Le principal responsable de la dégradation des sols est notre mode de production et de consommation alimentaire. Il est responsable non seulement de 80 % de la déforestation et de 70 % de l’utilisation de l’eau douce, mais est aussi la plus grande cause de perte de la faune et la flore terrestres. « Si les tendances actuelles persistent, le risque de changements environnementaux généralisés, abrupts ou irréversibles augmentera », craignent les Nations unies.

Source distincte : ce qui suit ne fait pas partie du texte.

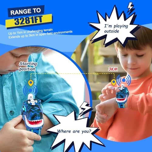 - Dinosaur-Themed Adventure: AZYFEI walkie talkies feature lifelike dinosaur head designs, a blue camouflage finish, and are designed specifically for boys and girls aged 3-12 who love dinosaurs and exciting adventures. They make an excellent gift choice full of fun and excitement
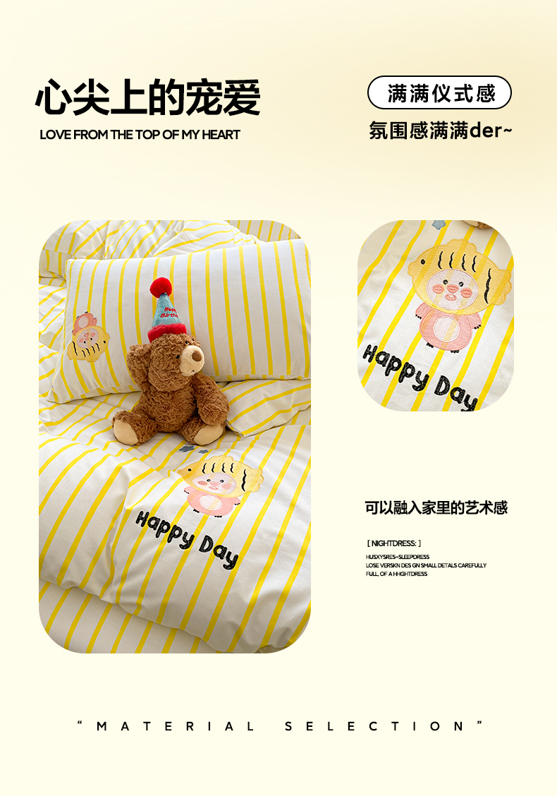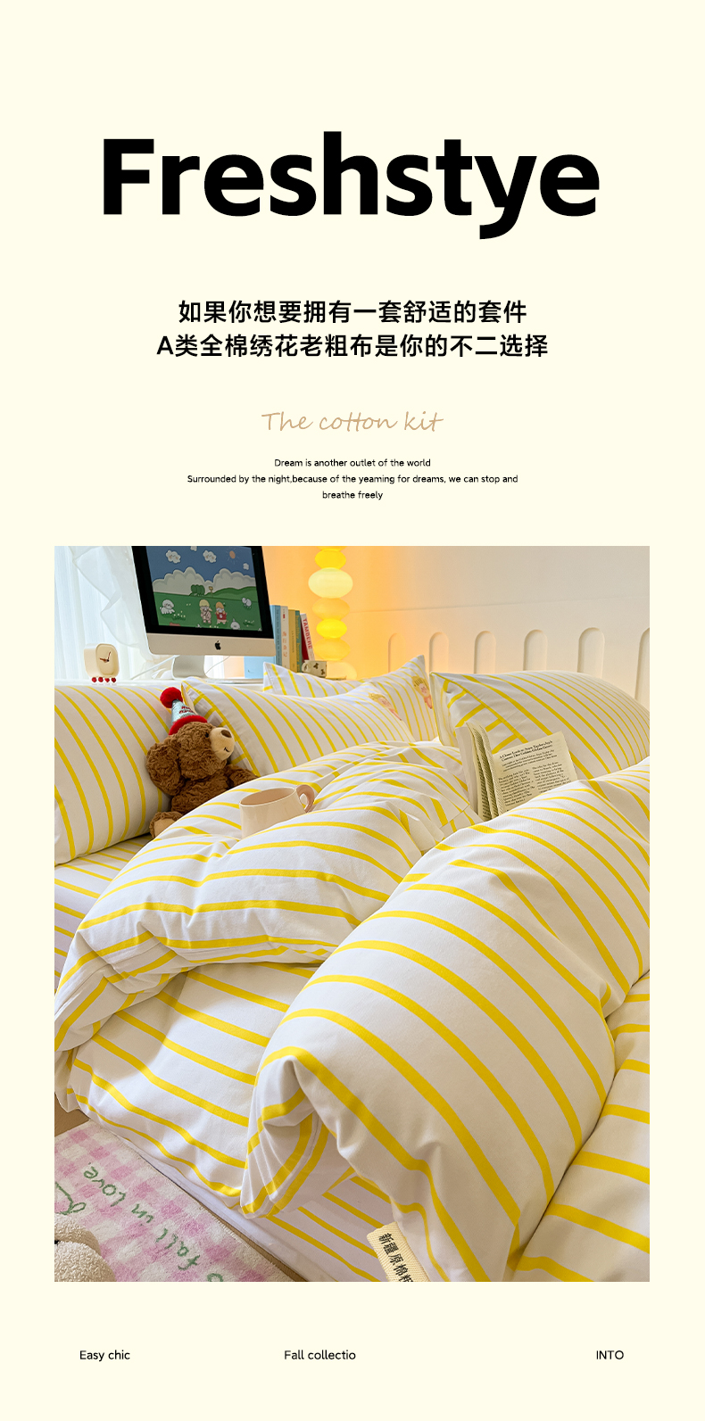 当前位置: 91家纺网 > 商品网购 > 床品套件 > 四件套 > 全棉普通四件套 > 雅居纺 2024新款全棉绣花老粗布单被套四件套 小海狸黄

Donner du pouvoir aux femmes, aux jeunes et aux peuples autochtones
Quelles solutions ? Les auteurs du rapport appellent à restaurer un tiers de la superficie terrestre, soit 50 millions de kilomètres carrés, grâce à l’agroforesterie ou à l’agriculture régénérative. Pour cela, il faut, notamment, changer le régime foncier des terres. « Nous soutenons les pays [...] qui promeuvent une gouvernance des terres plus responsable qui donne du pouvoir aux femmes et à la jeunesse, aux peuples autochtones et aux communautés locales, » écrit Ibrahim Thiaw, secrétaire exécutif de l’UNCCD.

« L’espoir demeure, alors que la décennie de restauration a commencé », poursuivent les auteurs du rapport en introduction. L’ONU a en effet lancé en 2021 la « Décennie pour la restauration des écosystèmes ». « La tâche est monumentale. Il nous faut replanter et protéger nos forêts. Il nous faut nettoyer les fleuves et les mers. Il nous faut verdir les villes », disait le Secrétaire général de l’ONU, M. António Guterres, début juin.

Sur les neuf limites planétaires que l’humanité ne doit pas franchir afin de pouvoir conserver une planète habitable, quatre ont déjà été dépassées, indique par ailleurs le rapport de l’ONU. Il s’agit des changements climatiques, de la perte de biodiversité, des perturbations des cycles biogéochimiques et de la désertification terrestre.